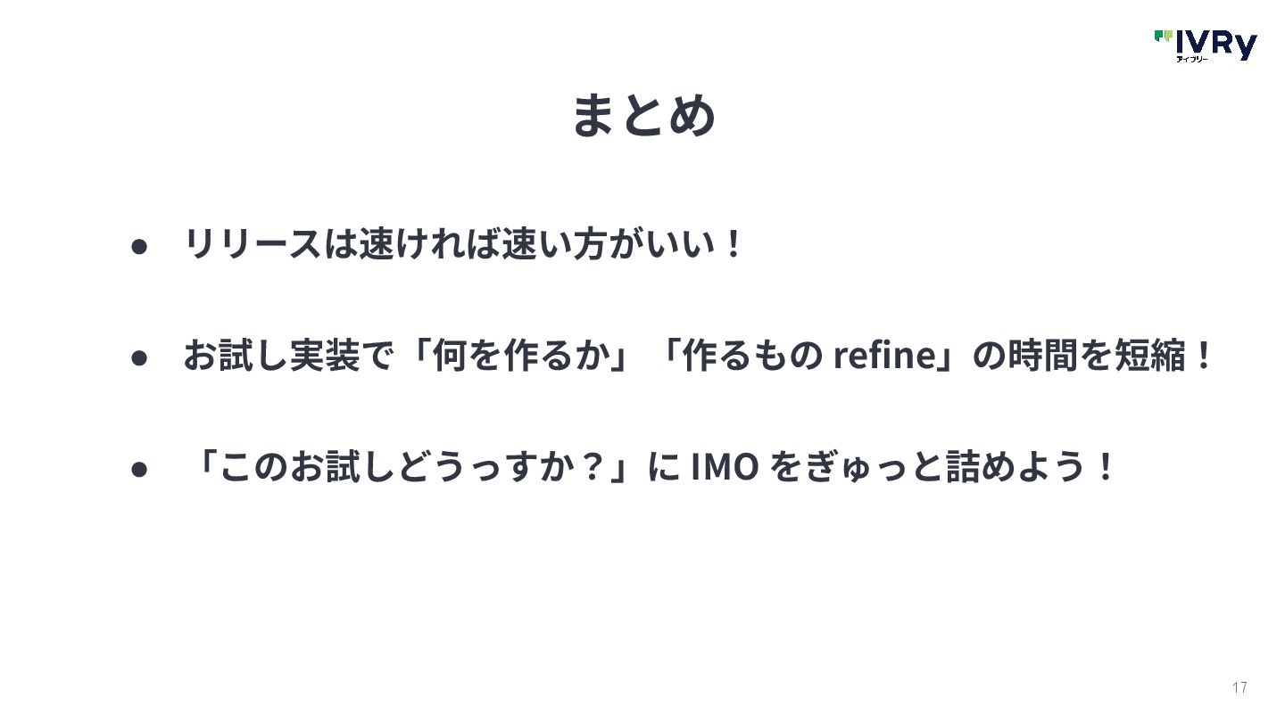 まとめ 17 • リリースは速ければ速い⽅がいい! • お試し実装で「何を作るか」「作るもの refine」の時間を短縮! • 「このお試しどうっすか?」に IMO
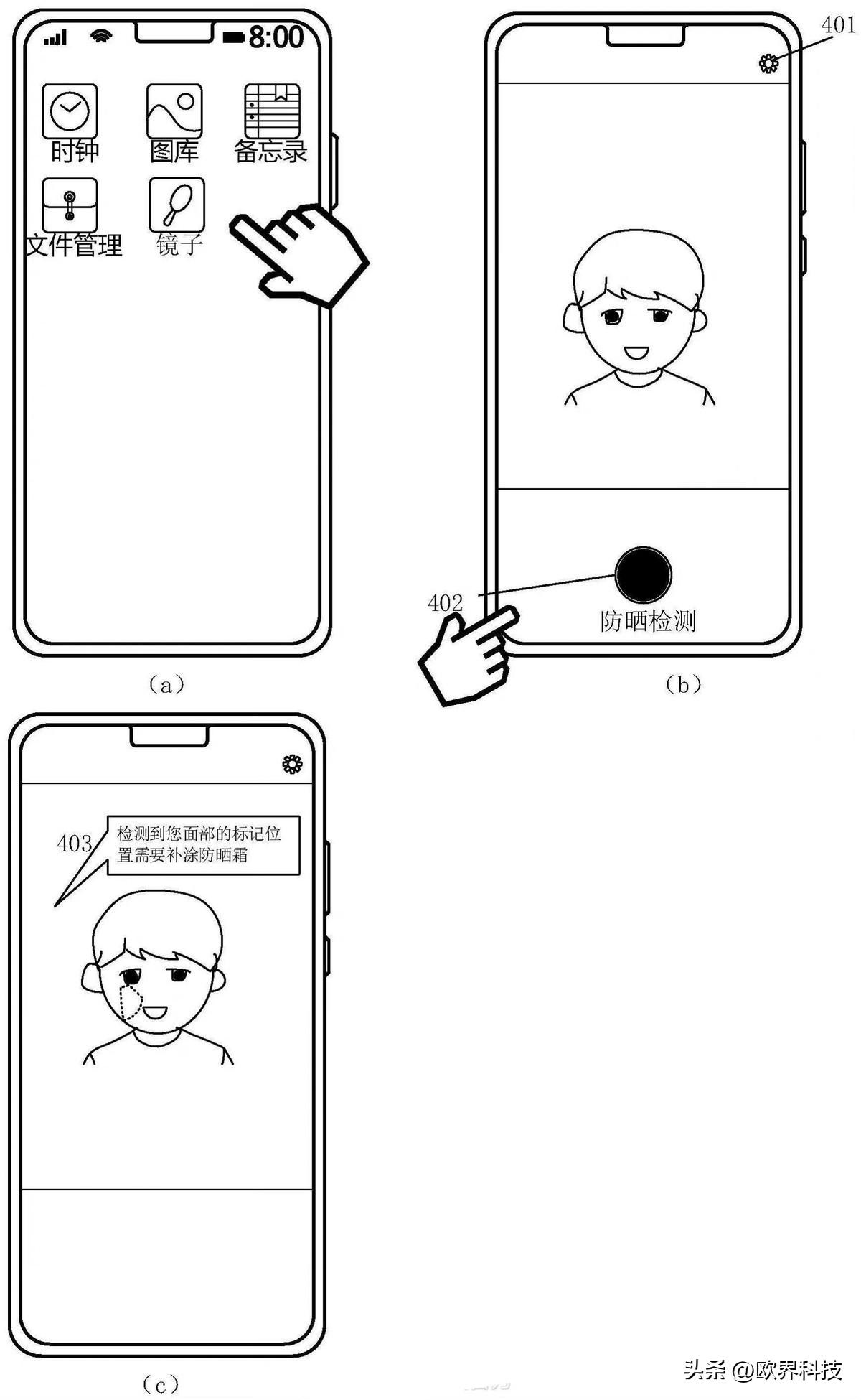 也就是說(shuō)。華為的這項(xiàng)新專(zhuān)利可以通過(guò)紫外攝像頭和RGB攝像頭來(lái)采集紫外圖像以及彩色圖像,采集完畢匹配到相應(yīng)的彩色圖像中,以此來(lái)檢測(cè)用戶面部需要補(bǔ)涂防曬霜的區(qū)域,并且還能將該區(qū)域具體化。不僅如此,該項(xiàng)專(zhuān)利還可以提醒用戶注意防曬。
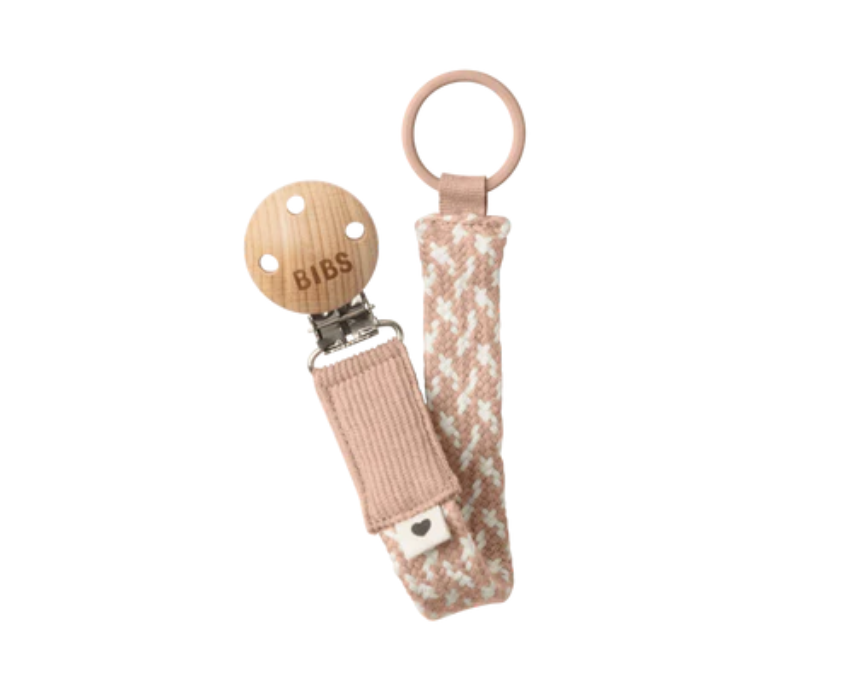 A safe and eco friendly pacifier clip crafted from GOTS certified cotton and FSC certified wood, designed to keep pacifiers secure and within reach. Measuring 22 cm, it features a nickel free metal clip that easily attaches to clothing and is suitable for pacifiers with or without a ring. Ideal for supervised daily use, it complements baby outfits while helping maintain cleanliness and convenience on the go.
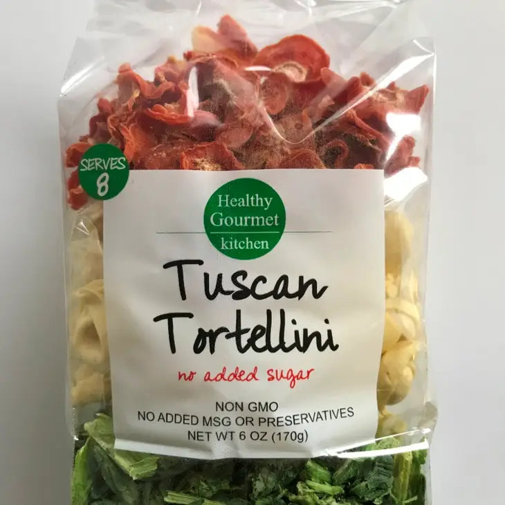 Tuscan Tortellini - Tuscan Tortellini soup is as beautiful as it is delicious. Bursting with flavor this broth based soup is ready in 30 minutes. It's perfect with sausage however you can omit for a vegetarian option. Tortellini contains wheat and cheese (milk). Makes 8 one cup servings.
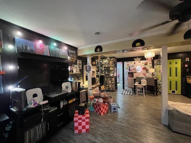 - Living area with wood finished floors, crown molding, and a ceiling fan
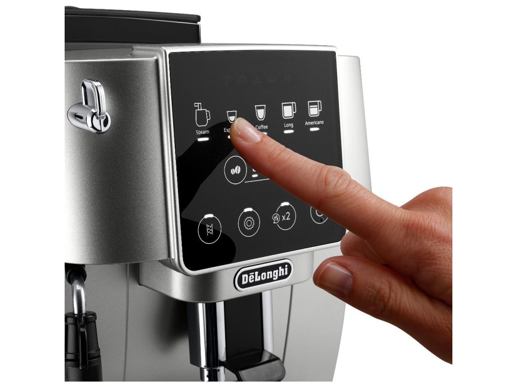 - Intuitivní ovládání: Užijte si jednoduchou přípravu kávy díky přehlednému dotykovému panelu. S 5 tlačítky přímé volby si Espresso, Kávu, Long nebo Americano připravíte jediným stiskem.
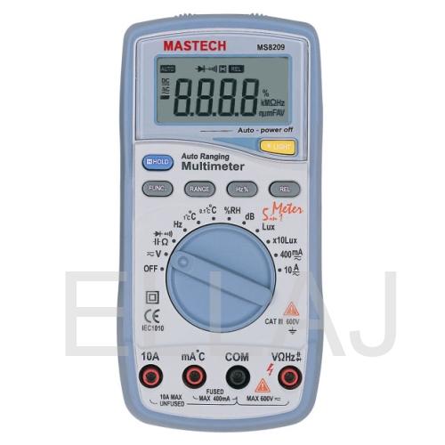 Профессиональный мультиметр MS8209 с автовыбором диапазонов. Революционный по своим возможностям цифровой мультиметр объединяет в себе сразу пять измерительных приборов с отличными характеристиками. Помимо основных функций мультиметра (измерения величин силы постоянного и переменного тока, постоянного и переменного напряжения, сопротивления), MS8209 позволяет измерять температуру, влажность, уровень звукового поля и уровень внешней освещенности. С помощью цифрового мультиметра MS8229 можно тестировать полупроводниковые диоды и прозванивать электрические цепи.
┄┄┄┄┄┄┄┄┄┄┄┄┄┄┄┄┄┄┄┄
▸ **What to work on**:
Take the lines from the start of the material to the line with "也就是說(shuō)。華為的", both included, and transcribe them exactly without the pictures.

▸ **Solution to this problem**:
 まとめ 17 • リリースは速ければ速い⽅がいい! • お試し実装で「何を作るか」「作るもの refine」の時間を短縮! • 「このお試しどうっすか?」に IMO
 也就是說(shuō)。華為的這項(xiàng)新專(zhuān)利可以通過(guò)紫外攝像頭和RGB攝像頭來(lái)采集紫外圖像以及彩色圖像,采集完畢匹配到相應(yīng)的彩色圖像中,以此來(lái)檢測(cè)用戶面部需要補(bǔ)涂防曬霜的區(qū)域,并且還能將該區(qū)域具體化。不僅如此,該項(xiàng)專(zhuān)利還可以提醒用戶注意防曬。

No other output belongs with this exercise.